With a film like Nymph Circe arriving on the heels of a live-action Gundam film’s cast announcement (after years of development hell), it’s hard to get all that excited about what a film made outside the medium of anime can offer. Gundam has dabbled in live action before, with the TV-movie disaster G-Saviour. When asked about the Sweeney picture, Murase and his team at Sunrise and Bandai Namco Filmworks chose not to comment. “We focused on bringing to life the novel,” he said. “That was the goal.”
He did comment on another issue that’s dominated conversations in animation circles lately, though: the use of generative artificial intelligence. Murase denied using any AI tools to make Nymph Circe but did express curiosity, tempered by caution, in using them in animated films going forward: “I do have a desire to use it at some point. When you think about AI, the source of where the knowledge base that the AI is built on is not very clear.

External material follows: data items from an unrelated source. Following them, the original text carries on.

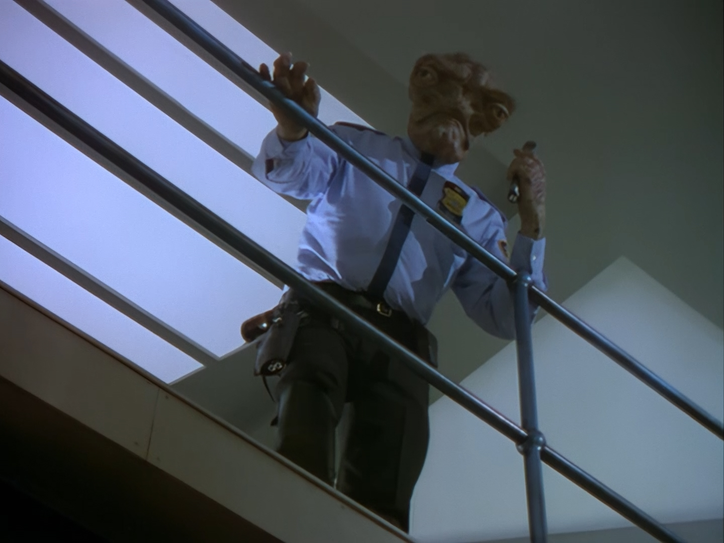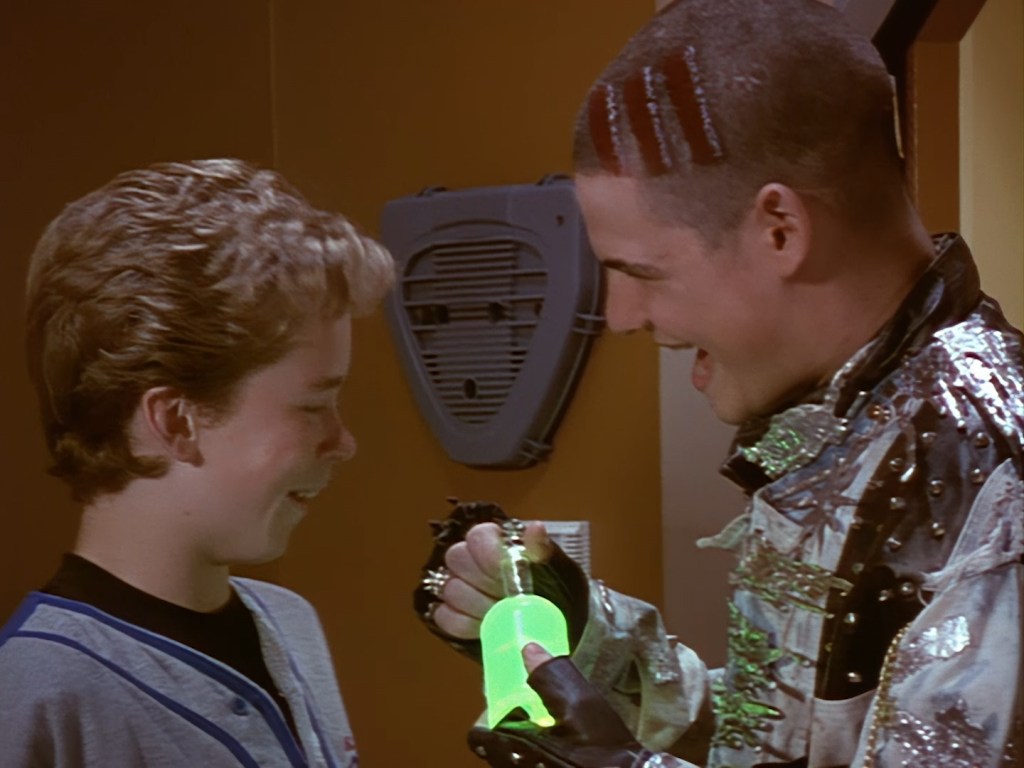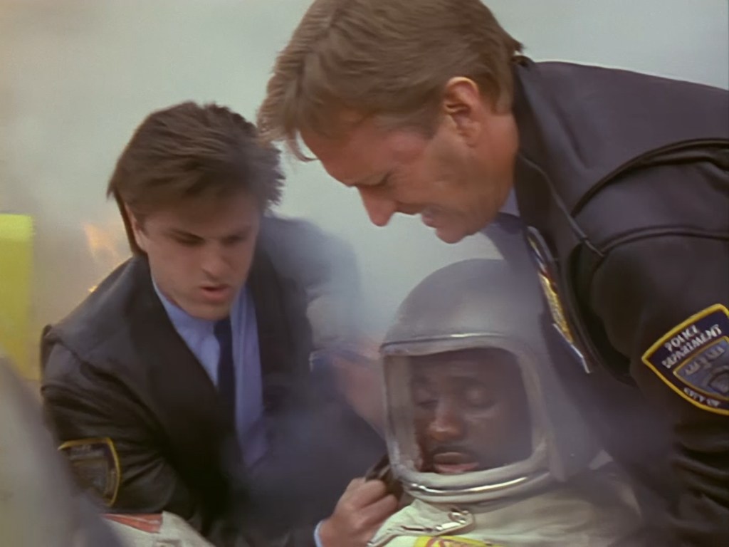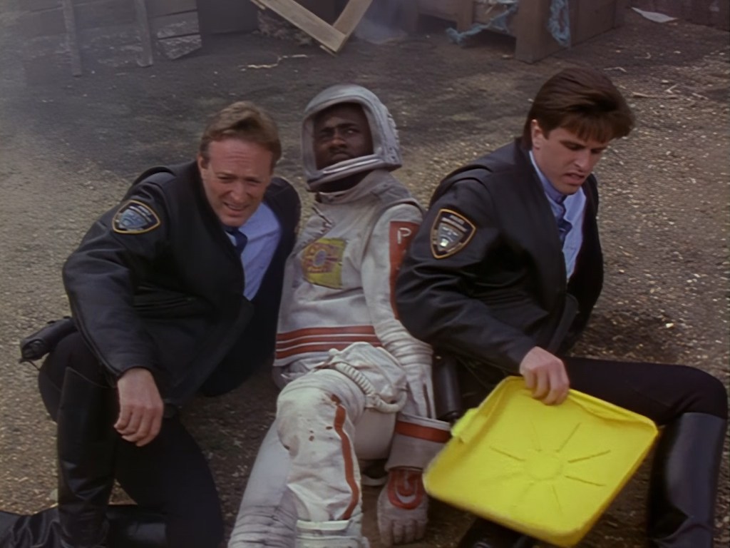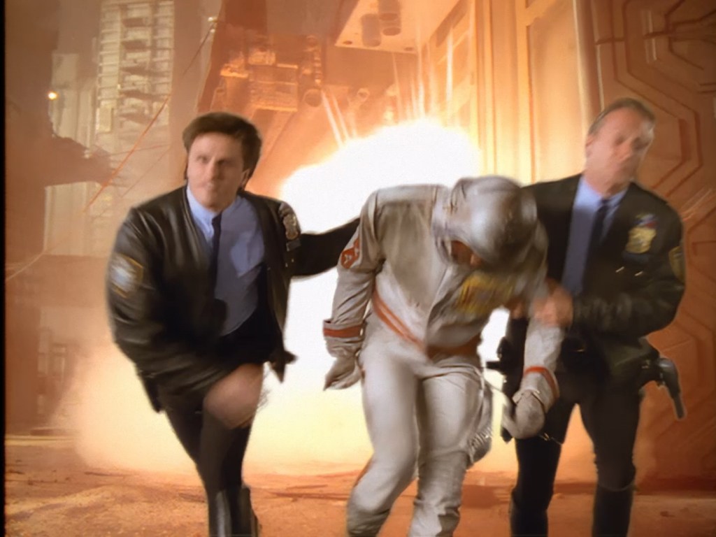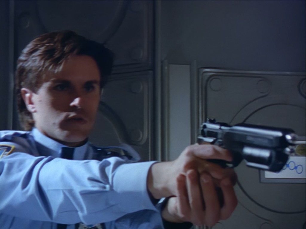 Ummm… this guy… well… he’s not actually in this show. This is a clip from the 1991 Space Police Reloaded trailer which was put together by Mentorn and Grove Television to sell the series by combining footage from the 1986 Star Laws pilot with newly shot material. That’s a whole big rabbit hole that I promise we’ll explore later.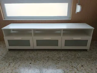 Mueble de TV de diseño moderno y funcional. - Acabado en color blanco. - Tres compartimentos abiertos superiores. - Tres cajones con frente de cristal. - Tiradores integrados en los cajones. - El mueble está montado ahora, pero se puede desmontar si es necesario. - Sus medidas son: 180 cm de largo, 41 cm de ancho y 53 cm de alto, ideal para una televisión grande y para guardar cosas en el salón. - Precio del nuevo en IKEA es 129 €. - Tiene pequeños defectos (una mancha y rayones leves) como se ve en las fotos adjuntas.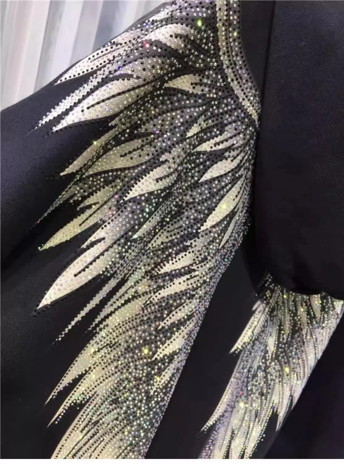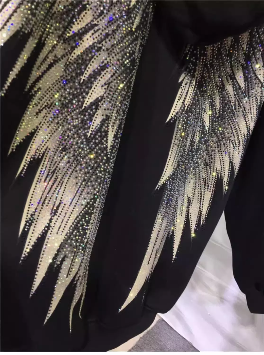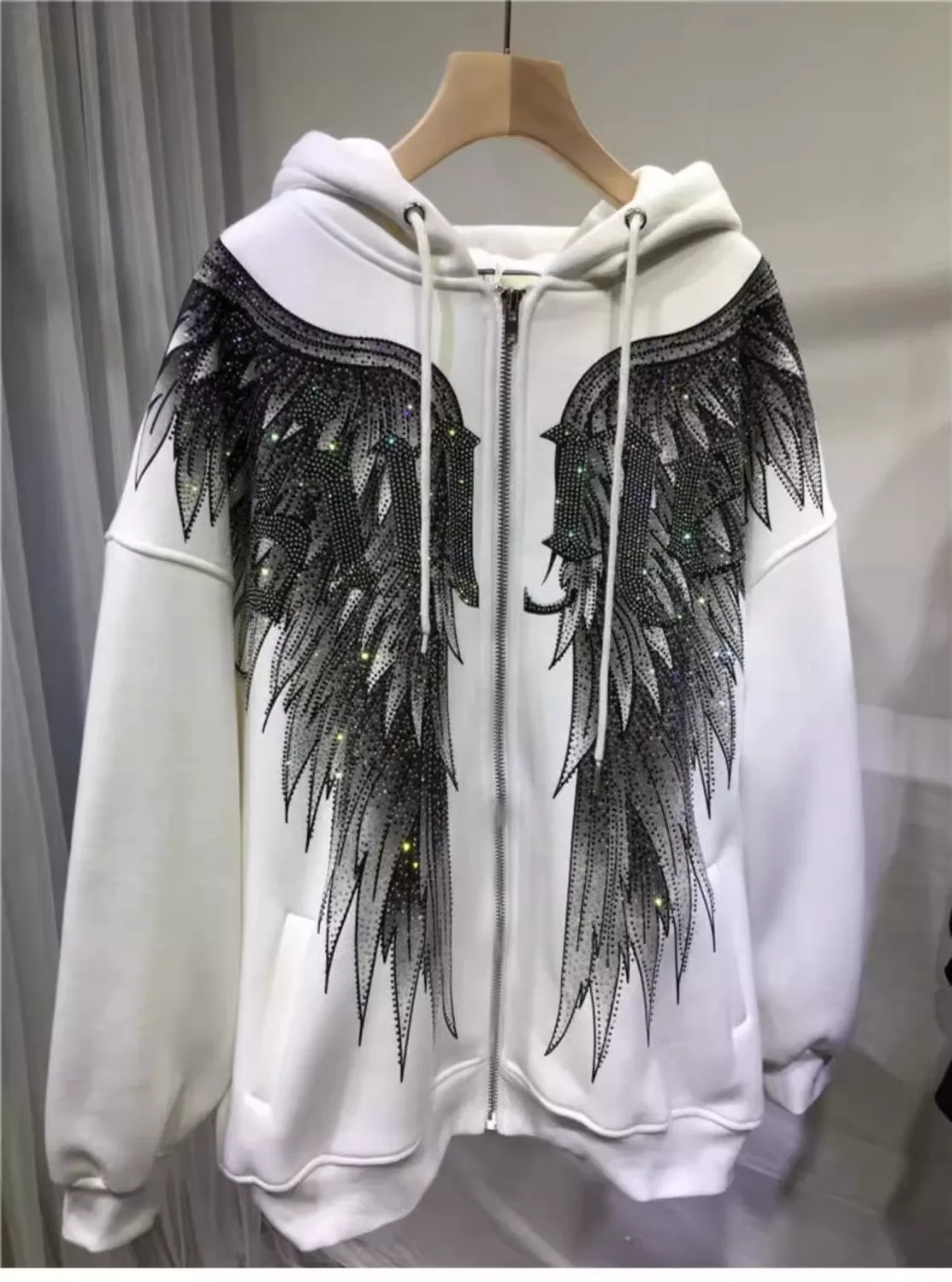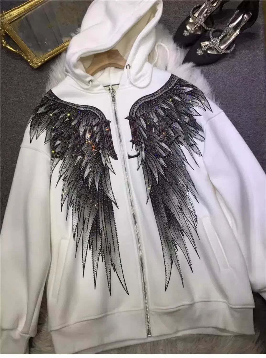 Heavy Embroidery Hot Drilling Light Luxury Front And Rear Wings Hooded Fleece Padded Coat Sweater Heavy Embroidery Hot Drilling Light Luxury Front And Rear Wings Hooded Fleece Padded Coat Sweater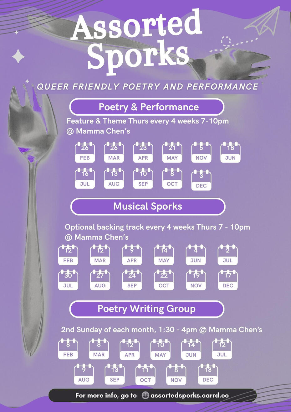 Assorted Sporks is a free, queer friendly poetry and performance night every 4 weeks (alternating fortnights with Musical Sporks) at Mamma Chen’s in Footscray (42a Albert St). Hosted by Me, Loran Steinberg. I do my best to feature queer and gender queer poets and amplify queer voices. Feature performances go for half an hour, and there is also an open mic on either side of the feature (five minute limit to the open mic slots).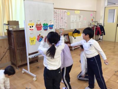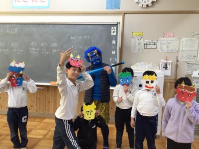 おおぞら2組が、自立活動の時間に色紙をちぎって貼りつけて、素敵なお面を作りました。2月4日の授業で、お面を作って、自分の中の鬼(おこりんぼう鬼など)をやっつける活動をすると言ったので、鬼の扮装をして教室に入っていきました。はじめは「鬼だ!」とびっくりした様子でしたが、最後には「自分の中の鬼をやっつけたよ」と言ってきたので、鬼と仲よく写真を撮りました。また、朝会でも伝えた『誰もがもっている心の「福」が増えて、「鬼」が減っていくといい』という話をしました。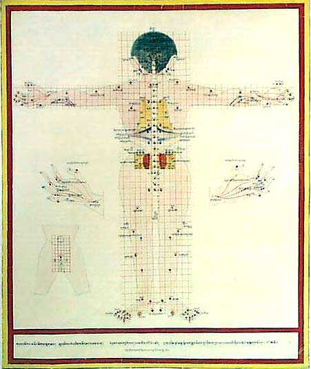 Chinesischen Akupunktur verwendet die Tibetische Medizin ein System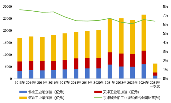 圖2 2013-2025年一季度京津冀地區全部工業增加值變化及全國占比情況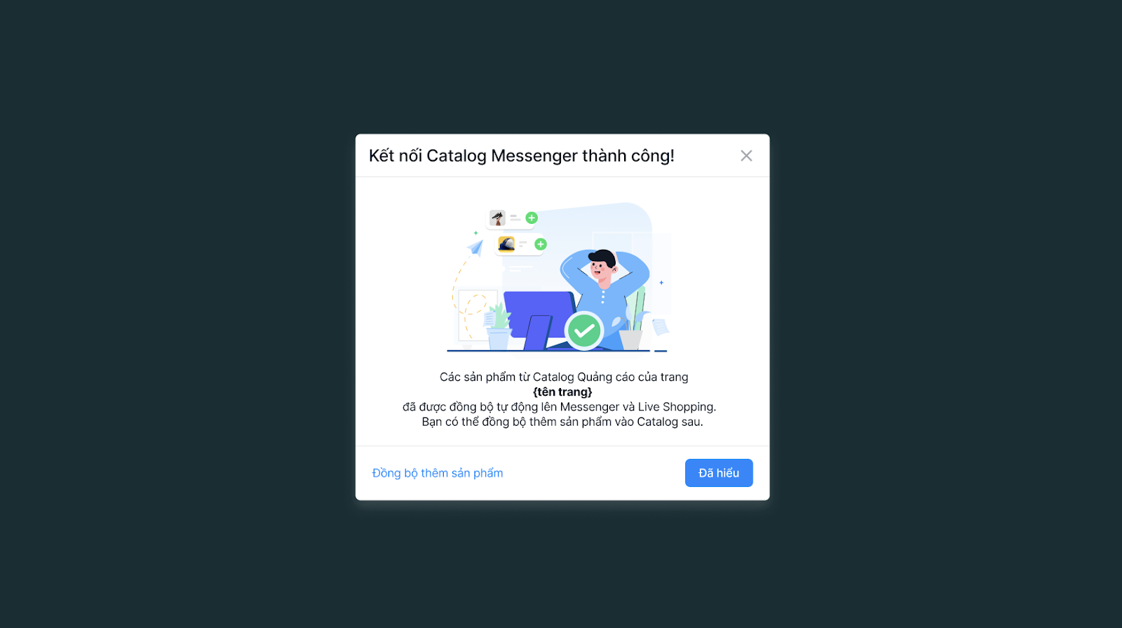 - Khi này, các sản phẩm từ Catalog quảng cáo đã được đồng bộ sang Catalog Messenger và Facebook Liveshopping. Bạn vẫn có thể ấn Đồng bộ thêm sản phẩm vào Catalog nếu muốn.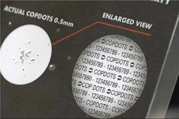 To help make it easier to identify stolen property, the sheriff's office will be utilizing tiny "DNA dots," called CopDots, a pen-like applicator holding an adhesive containing thousands of tiny discs, or dots, that residents can apply to their property. The discs are marked with a unique code that can only be read with a powerful magnifying lens, and can be traced to its owner. Just one pen, costing about $30, can be used to mark about 50 items. The dots can be applied to anything from landscaping equipment to auto parts, jewelry and electronics.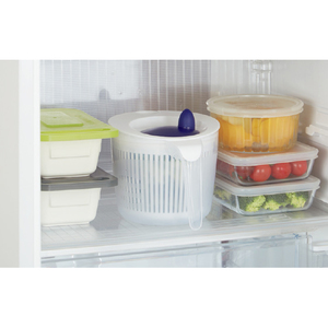 野菜の水気を切ってそのまま冷蔵庫で保存可能なコンパクト設計。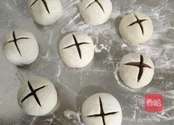 6.用刀子在上面划十字,要划透,能看到菠萝馅就好,划好后静待发酵,发酵时间依据温度高低,天气好温度高发酵的快,一个小时左右就能发酵好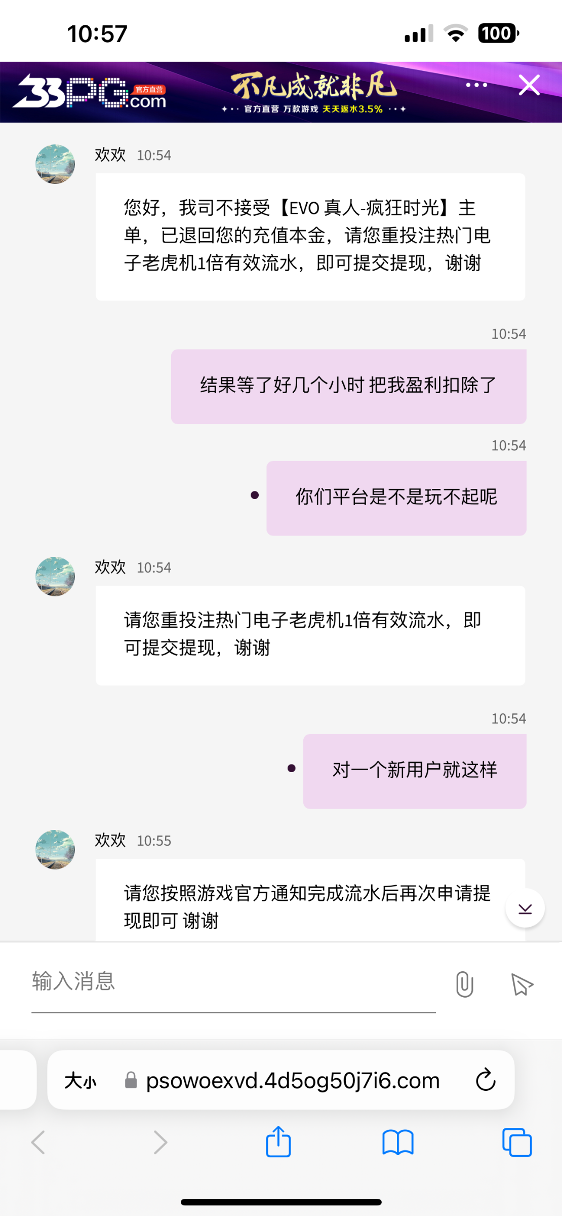 避雷33pg.com,冲了一共2700,提款7650直接黑款,理由不接受此注单,提款的时候联系客户,客户说财务正在处理出款,然后过了一小时半,确实处理出款了,给我盈利的钱扣掉了,给我退1000本金,让我强制玩电子,并且重新打码一倍流水,就因为在他们平台是新用户,没有负盈利,玩转盘进了个100倍,不敢给出款,一点格局都没有的平台大家记得避雷,去其他平台今天输一万,果然还是黑台好赢钱,现在赌的我真犯恶心,输的时候一直输,赢的时候各种理由卡你款,网络赌博就是诈骗,冲了不一定赢,赢了不一定给,给了不一定出,出了还冻你卡,恶心至极,当冲钱让大家见识一下黑台了,一定记得避雷,帮忙骂客户的留下收款码给你们红牛
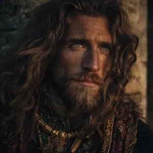 «In the shimmering light of the golden hour, a glitzy wild warloc...»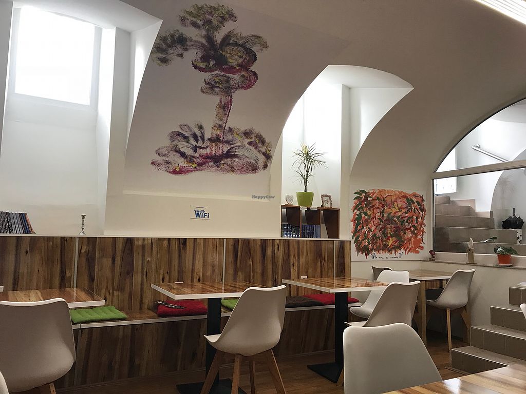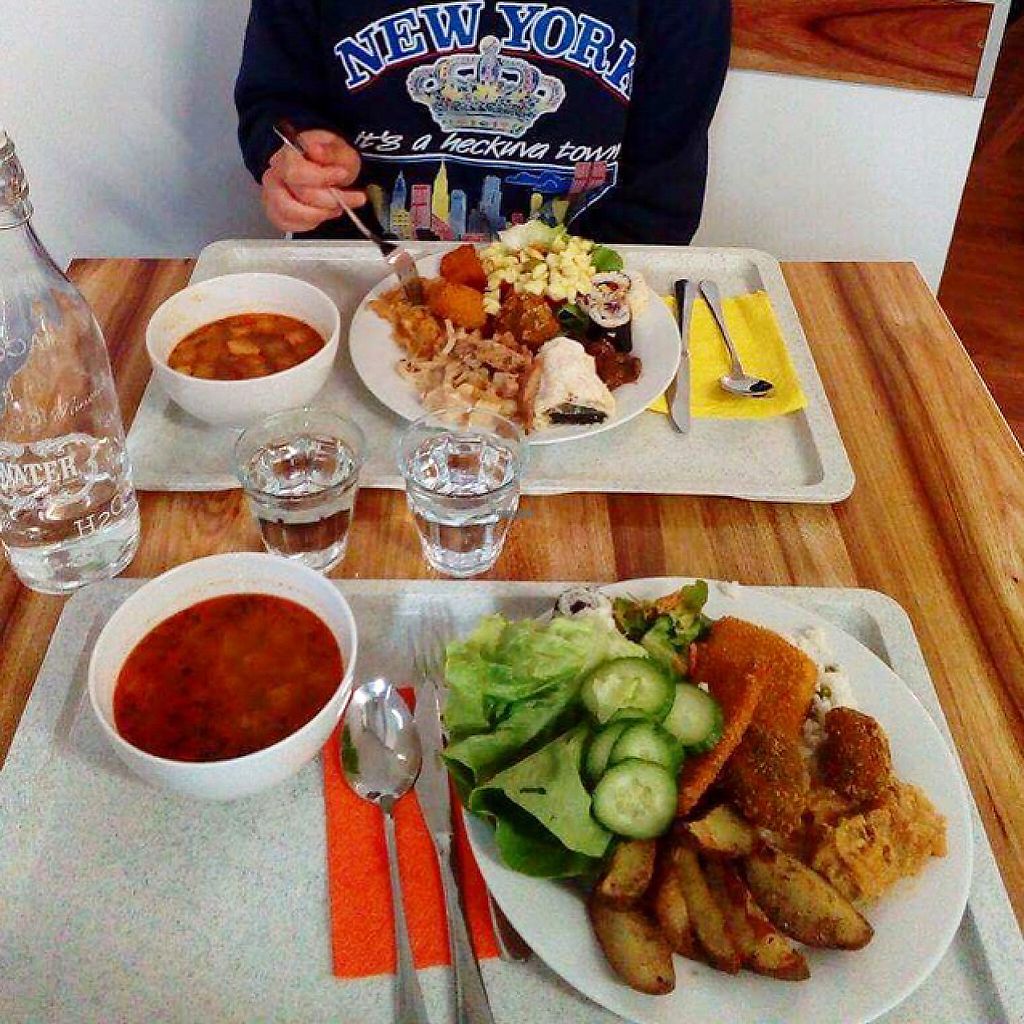 We visited this place knowing that have good reviews, but we didn't expect this piece of art! It is maybe the best vegan restaurant I have ever been, coz the atmosphere is realy positive and makes you feel blisfull. The buffet needs no recommendations. Full of vegan delicacies, food and dessert, excellent soups and a lot of sauce. I had a goulash soup, onle plate with food and some dessert. I thought I was going to burst out from the food but realy couldn't stop. Don't miss it, worth's every euro to spend
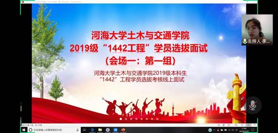 2020年5月20日PA视讯集团官网2019级“1442工程”学员选拔面试在线上顺利举行。本次面试由18级本科生蒋晗、李雨欣主持,并邀请到了公司党委书记汪建新、党委副书记潘静、院团委书记王璐,16级辅导员陈明明、李迎珠老师,17级辅导员张洁老师,18级辅导员李倩老师,交通1班班导师单肖年老师,土木4班班导师闵凡路老师,土木5班班导师袁周致远老师,高年级优秀员工干部汪淼、沈楠、赵星宇、黄业博、徐帅同学作为本次选拔面试的评委。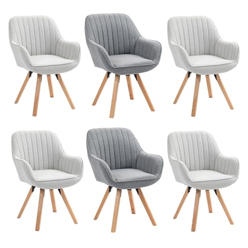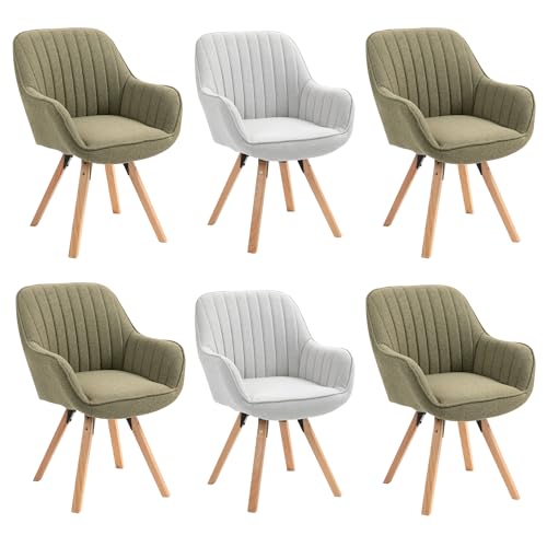 MEUBLE COSY Lot de 6 Chaise Salle à Manger Scandinave Fauteuil Coiffeuse Siège Pivotant avec Accoudoirs pour Chambre Salon Cuisine Bureau, Rembourré en Tissu Pieds en Bois Massif, Multicolore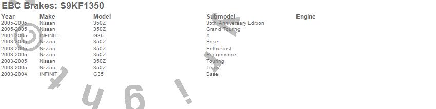 Below is an abbreviated list of applications for the S9 Kits Yellowstuff and USR Rotors.
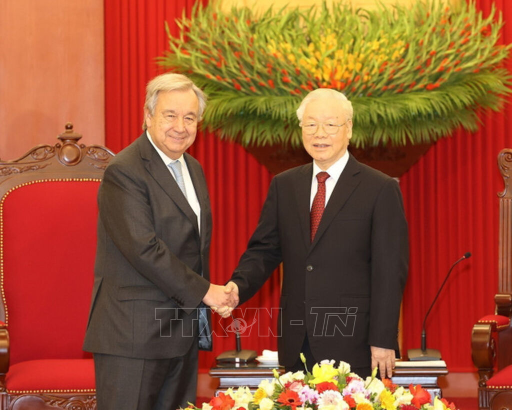 Tổng Bí thư Nguyễn Phú Trọng đã đánh giá cao chuyến thăm của ngài Tổng Thư ký António Guterres, đặc biệt đúng vào dịp kỷ niệm 45 năm Việt Nam trở thành thành viên chính thức của Liên hợp quốc, có ý nghĩa rất quan trọng đối với quan hệ giữa Việt Nam và Liên hợp quốc hiện đang phát triển tốt đẹp.

So from a production standpoint, we need to be very careful,” he said. He pointed out that it’s probably becoming more cost-efficient to use AI rather than the CG used to bring films like Nymph Circe to life, “but whether or not we’re going to use AI for the third chapter of Hathaway, probably not.” (He was careful to disclaim immediately afterward that his stance on AI might differ from “the official standpoint of Bandai Namco.”)
Onscreen, the results of crafting Mobile Suit Gundam Hathaway: The Sorcery of Nymph Circe with human hands are clear. The film suggests that there is still plenty of life in a giant-robot IP rapidly approaching its 50th birthday even if other recent franchise entries have felt like a mixed bag. Murase and his team delivered aggressively on exactly what longtime Gundam fans crave: strikingly animated duels between menacing metal giants, political commentary in dialogue with the real world, and a meditation on the ’70s and ’80s characters and ideas that established the franchise. For now, it’s carrying the Gundam torch as less exciting entries loom in the dark.